To foster improvement in surveillance, PMI supported an operational research study on the use of school-based surveys to generate up-to-date data for planning malaria control interventions. The framework of the survey was built upon a similar school-based survey conducted in Kenya. Researchers conducted the surveys across Oromia Regional State in May 2009 and from October to December 2009 to coincide with the peak of malaria transmission in different parts of Oromia. The study surveyed 20,899 children from 197 randomly selected schools. The children were tested for malaria by expert microscopists and had their hemoglobin measured to test for anemia, a common side effect of malaria infection and soil-transmitted helminths. They also answered a simple questionnaire, which included questions on recent fever, mosquito net use, whether IRS had been conducted in their households, and questions related to their family’s socioeconomic status.

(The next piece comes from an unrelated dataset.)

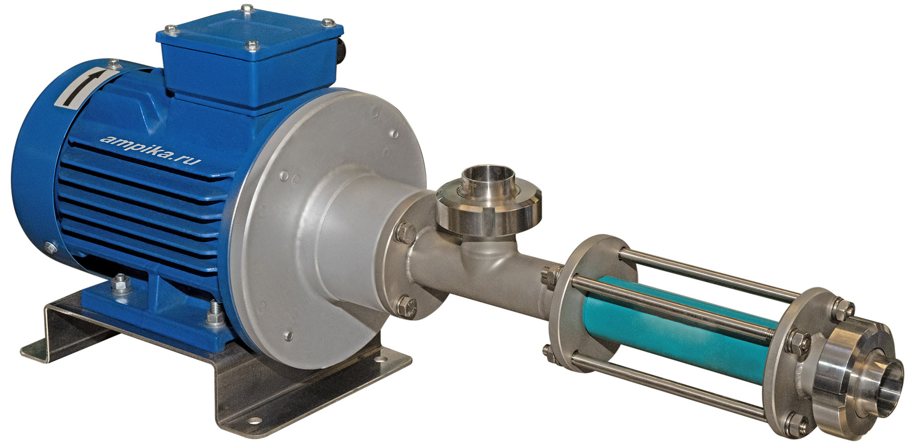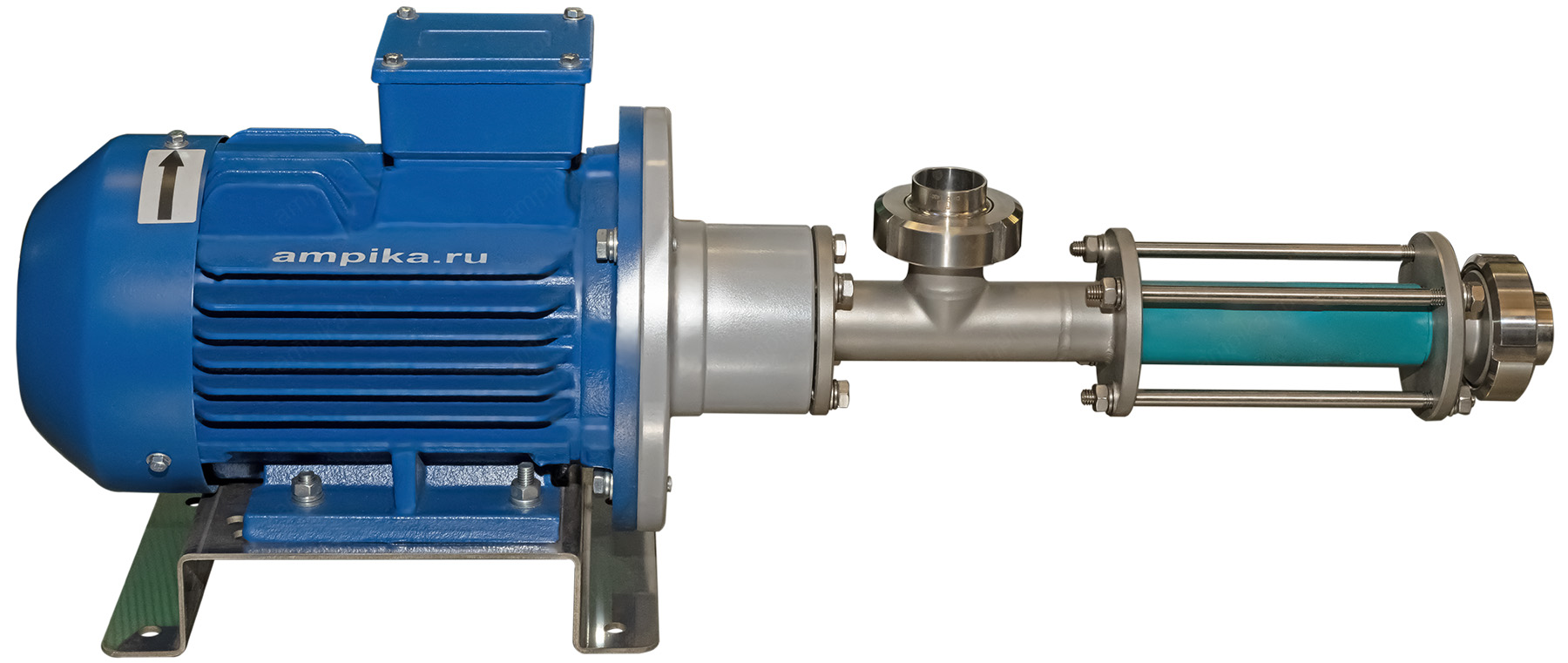 Винтовой насос Ампика ОВН-2-1,0/6 с 1,1 кВтМаленький промышленный винтовой насос ОВН-2-1,0/6 с 1,1 кВт предназначен для перекачивания вязких жидкостей с небольшими частицами в пищевой и химической промышленности. Насос представляет собой моноблочную конструкцию, что позволило снизить цену по сравнению с традиционным решением, когда используется выносная промежуточная подшипниковая стойка. Уплотнение вала - торцевое. Материал проточной части - нержавеющая сталь марки AISI 304. Температура перекачиваемой жидкости - до +80ºC в стандартном исполнении, возможно изготовление с рабочей температурой до +140ºC под заказ. Допустимый размер частиц в перекачиваемой жидкости: твёрдые - до 6 мм, мягкие - до 9 мм. Расшифровка обозначения маркировки насоса ОВН-2-1,0-6: - "О" - насос для молочной промышленности по советской классификации, - "ВН" - винтовой насос, - "2" - номинальная производительность статора (обоймы) на 100 оборотов винта в литрах, - "1,0" - производительность насоса в м³/час, - "6" - давление насоса в атмосферах. Электродвигатель общепромышленного исполнения, трёхфазный, на 380 вольт, IP55. Возможные варианты исполнения: - с байпасом (дает возможность работы на закрытый выход, например, для дозирования), - с дополнительным штуцером для CIP мойки, - во взрывозащищённом исполнении, - со шнековым питателем, - с мотор-редуктором. ВНИМАНИЕ! Если требуется работа с частотным преобразователем, об этом нужно сообщать при заказе, т.к. со стандартным электродвигателем насос может не запускаться от частотника. В этом случае может потребоваться установка более мощного электродвигателя, а также дополнительного внешнего вентилятора, т.к. при снижении оборотов встроенная в э/д крыльчатка может перестать эффективно охлаждать электродвигатель, и это может привести к его перегреву. Частотный регулятор следует выбирать на одну ступень больше, чем мощность электродвигателя, и обязательно использовать частотный преобразователь с векторным управлением. Другие модели этого типа

While the study confirmed the overall low prevalence of malaria typically found in Ethiopia, it identified two high-transmission clusters of both Plasmodium falciparum and P. vivax. The study also demonstrated that the ratio of these two parasite species in causing malaria in Ethiopia is dynamic and varies geographically. And the study confirmed malaria transmission above 2,000 meters, which is the cutoff used by the Ministry of Health and in-country partners when targeting areas for malaria interventions. Additionally, the study showed high prevalence of anemia in the surveyed school children.

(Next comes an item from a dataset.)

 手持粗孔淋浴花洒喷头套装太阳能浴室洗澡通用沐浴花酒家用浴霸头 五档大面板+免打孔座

A school-based surveillance approach, such as the one used in this study, could provide updates of malaria risk more frequently than household surveys, and at a lower cost. Increasing the frequency of risk monitoring enables prompt feedback on the effectiveness of interventions, which would help malaria control programs adapt and improve control strategies in response to credible evidence. This framework also can be integrated with other disease prevention approaches, such as deworming programs, in collaboration with the Ministry of Education. Read more about the survey in this article [PDF, 1.2MB].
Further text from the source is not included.